The programme makers found traces of it, despite extensive cleaning, three months after the deaths.

Meanwhile on the programme the Governor of Chiang Mai says he still believes the deaths were a co-incidence, and the Medical Chief of the city says he suspects a chemical, but will not say what, and will not name the owner of the hotel.

If what ’60 Minutes’ believes is true then of course it’s nothing short of a national scandal. The whole affair has the terrible odour of a cover-up. What is further it shows how weak are the missions of Canada, the United States, and France, all of whom had nationals in Chiang Mai, in actually looking after their nationals in getting information from the Thai government.
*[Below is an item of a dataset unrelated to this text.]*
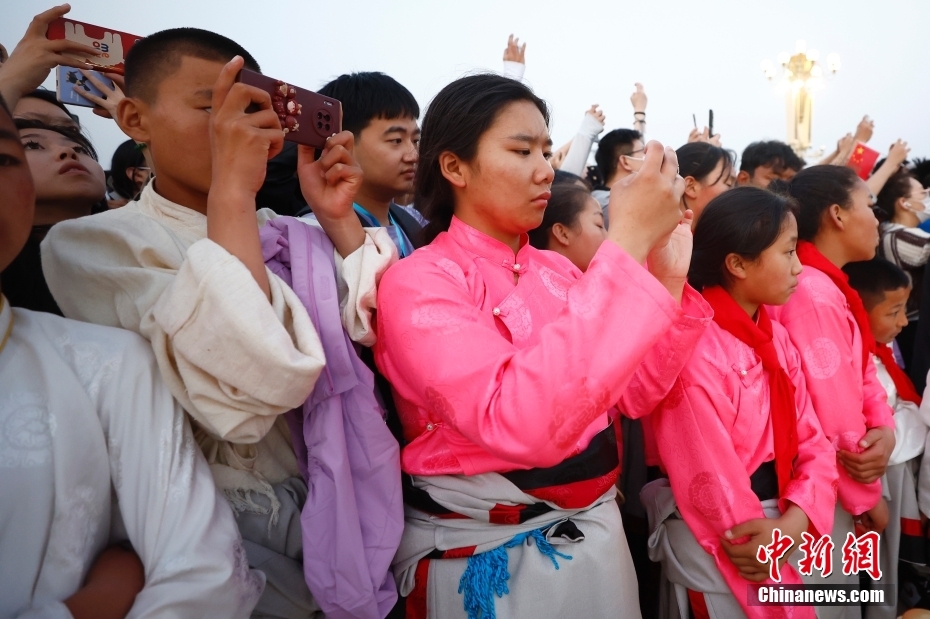 圖為觀看升旗儀式的藏族青少年。中新社記者 富田 攝

The father of 23-yr-old Sarah Carter seems to have no doubt. There was a cover-up. Moreover Richard Carter believes that the authorities in Chiang Mai tried to hide things from ’60 Minutes’. He told the New Zealand Herald:

 “I think they’ve proven that they really don’t have an interest in resolving the issue, calling it a coincidence for a start, and also to have systematically gone around and covered up as much of the evidence as they possibly could when they had wind that TV3 were about to do an investigation.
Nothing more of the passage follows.